Start of Data to use

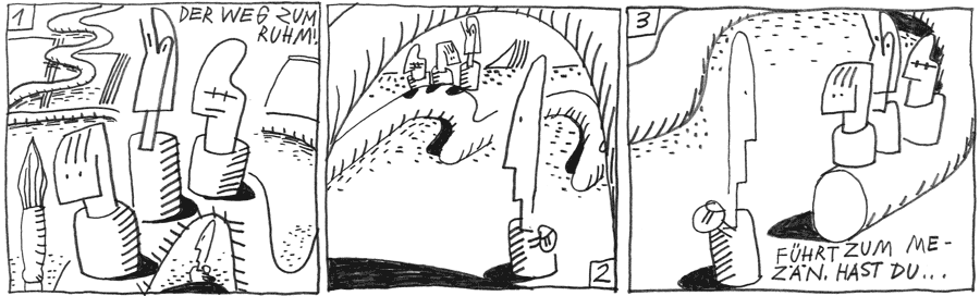ist sinnlos geworden. Die Drei nehmen ihre Bilder unter den Arm. Sie brechen
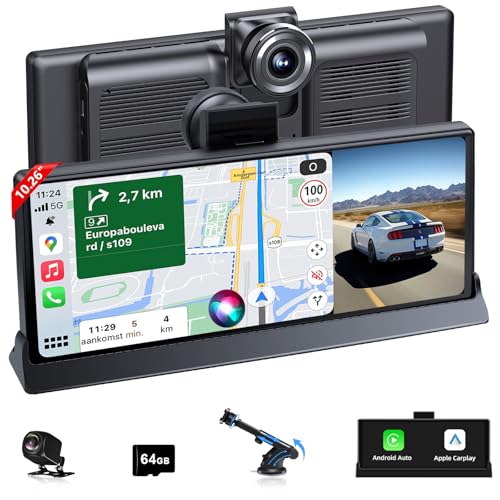 4K Apple Carplay Screen 10.26'' Car Play Screen 350° Rotatable Front Lens Wireless Carplay & Android Auto Car Screen with Dashcam Reversing Camera Dual Bluetooth Mirror Link Voice Control Navigation
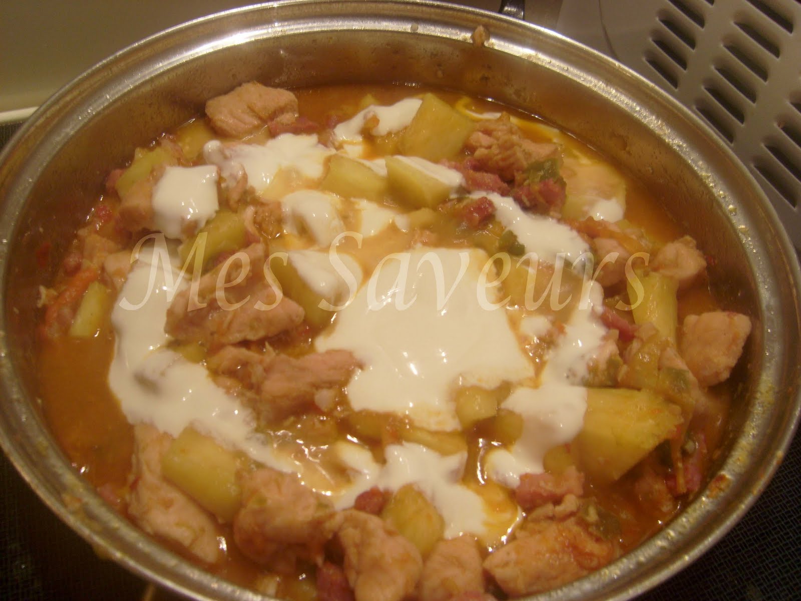 Voltando ao tacho do frango, adicionar o ananas e as natas, verifique os temperos e reduza ao lume .
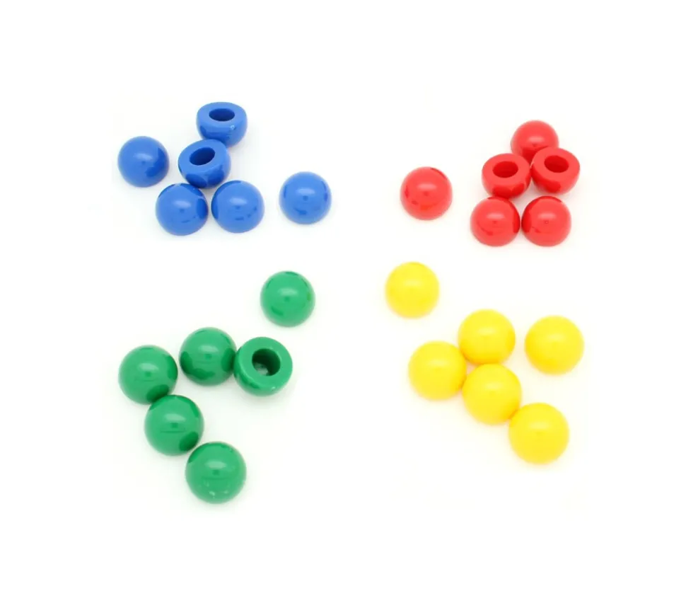 Pion plastique coloré de 1.5 cm à la base du pion, 1.2 cm de hauteur et 1.7 cm de diamètre pour la sphère
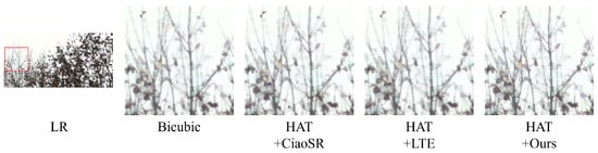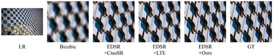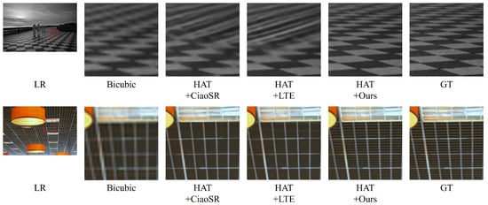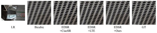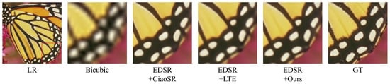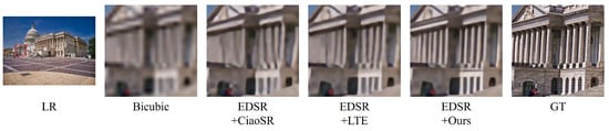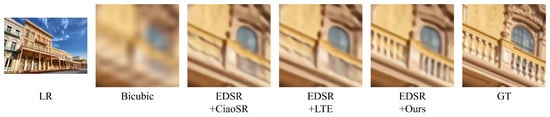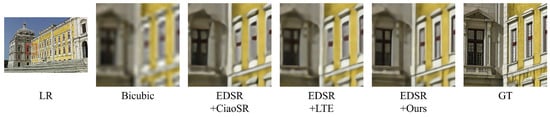 This section compares the performance of the proposed m-DCTformer with the state-of-the-art arbitrary-scale SR methods CiaoSR and LTE. Each arbitrary-scale method is trained on the LR bicubic DIV2K dataset. For the proposed model, we only trained with LR datasets with scale factors of ×2.1 and ×4.9, whereas for the other models, we used scale factors of ×2, ×3, and ×4. We also evaluated the proposed model quantitatively using the PSNR and SSIM. Table 1, Table 2 and Table 3 show the quantitative results with other approaches and our m-DCTformer. Moreover, they use EDSR and HAT in integer SR, and they are obtained from Set5, Set14, and Urban100 datasets. Table 1 shows our EDSR + m-DCTformer outperforms EDSR + CiaoSR by an average of 0.23 dB and 0.0462 dB and outperforms EDSR + LTE by an average of 0.17 dB and 0.0045 dB in terms of PSNR and SSIM, respectively. Our HAT + m-DCTformer outperforms HAT + CiaoSR by an average of 0.71 dB and 0.0116 dB and outperforms HAT + LTE by an average of 0.43 dB and 0.0076 dB in terms of PSNR and SSIM, respectively. Table 2 shows our EDSR + m-DCTformer outperforms EDSR + CiaoSR by an average of 0.15 dB and 0.0449 dB and outperforms EDSR + LTE by an average of 0.1 dB and 0.0037 dB in terms of PSNR and SSIM, respectively. Our HAT + m-DCTformer outperforms HAT + CiaoSR by an average of 0.24 dB and 0.0043 dB and outperforms HAT + LTE by an average of 0.51 dB and 0.0098 dB in terms of PSNR and SSIM, respectively. Table 3 shows our EDSR + m-DCTformer outperforms EDSR + CiaoSR by an average of 0.64 dB and 0.0055 dB and outperforms EDSR + LTE by an average of 0.22 dB and 0.0061 dB in terms of PSNR and SSIM, respectively. Our HAT + m-DCTformer outperforms HAT + CiaoSR by an average of 0.72 dB and 0.0048 dB and outperforms HAT + LTE by an average of 1.02 dB and 0.0078 dB in terms of PSNR and SSIM, respectively. Compared to other methods, the model demonstrates high PSNR performance, especially in Urban 100. As shown in Figure 5, Figure 6, Figure 7, Figure 8, Figure 9, Figure 10, Figure 11, Figure 12, Figure 13, Figure 14, Figure 15, Figure 16 and Figure 17, m-DCTformer exhibits the closest results to the GT image compared to the other models. Figure 5 and Figure 6 show the qualitative results of m-DCTformer and other models based on EDSR in integer SR, obtained from the Set5 dataset. Figure 7 and Figure 8 show the qualitative results of m-DCTformer and other models based on EDSR in integer SR, obtained from the Set 14 dataset. Figure 9, Figure 10, Figure 11, Figure 12, Figure 13 and Figure 14 show the qualitative results of m-DCTformer and other models based on EDSR in integer SR, obtained from the Urban 100 dataset. Figure 15, Figure 16 and Figure 17 show the qualitative results of m-DCTformer and other models based on HAT in integer SR, obtained from the Set 14 and Urban 100 dataset. In particular, it recovers handrails, building lines, and other aspects very well in the Urban 100 datasets. This outcome is because the depthwise 2D DCT module converts to the DCT domain and extracts high frequencies to restore damaged high frequencies and because the weight modulation is divided into horizontal and vertical directions to modulate the weight of the existing maximum noninteger-scale factor.
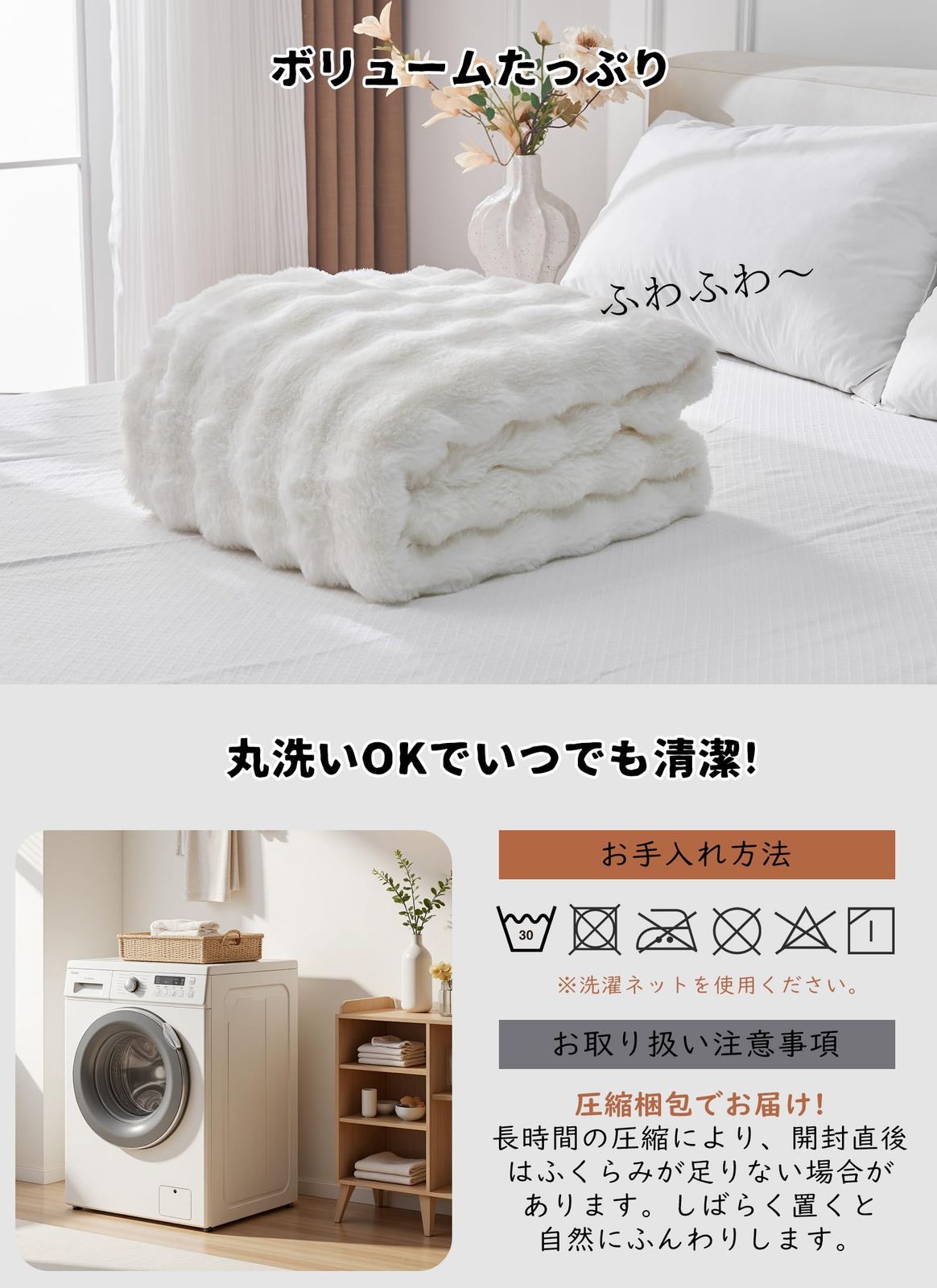 【お手入れ簡単&長持ち仕様】家庭用洗濯機で丸洗い可能なウォッシャブル仕様。縮みにくく毛玉や色落ちも起きにくいため、繰り返し洗ってもふわふわ感が長続き。お子様やペットがいるご家庭でも安心してお使いいただけ、いつでも清潔で快適な毛布を楽しめます。

End of Data to use

Using the data above, transcribe exactly the lines between those containing "Voltando ao tacho" and "Pion plastique coloré", inclusive, and leave every picture behind.

◆ **Result**
 Voltando ao tacho do frango, adicionar o ananas e as natas, verifique os temperos e reduza ao lume .
 Pion plastique coloré de 1.5 cm à la base du pion, 1.2 cm de hauteur et 1.7 cm de diamètre pour la sphère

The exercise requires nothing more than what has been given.